The water, shockingly, welcomed him in a warmer and much softer, and so, so very gentle. So very kind to him and this time it would actually matter that much more.
The figure remained still, her hand still outstretched. The figure beckoned him with it's gentle hand gestures.
He waded deeper, the water rising past his knees, his thighs, his waist. His clothes weighed nothing, in what felt an actual change for once. Maria, only her, what she meant and how, how hard it really was to ever live his best way, never possible for anyone to understand the struggle, how much one's existence.
He was close enough now, he couldn't actually remember his last thought as he swam.
Maria, the lake was cold now, that one truth he, his arms wrapping, only her.
The figure opened. They both disappeared underwater. Antonio struggled, Maria laughing.
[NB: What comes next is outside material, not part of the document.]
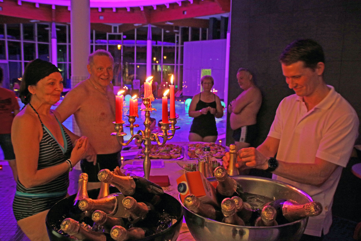 Bei Live-Musik mit Tilo Lutz, Kerzenschein, Sekt und Häppchen fand am 17.02.2017 unser beliebtes Candle-Light-Schwimmen im Erlebnisbereich statt.

Maria smiled so bright, at last.
A familiar feeling of Antonio, they, together, sinking to the lake bed, he held tightly to her, he just, Antonio and Maria, as the moon sunk, darkness surrounded them both, she finally reached up and kissed him, soft and lovingly as, this place would be theirs together.
She never meant, his wife, Antonio felt, to have so very, very much, for them all together forever, and it was. They belonged, at-last, that place beneath. It was cold, very much a truth. He never went. His face. Theirs.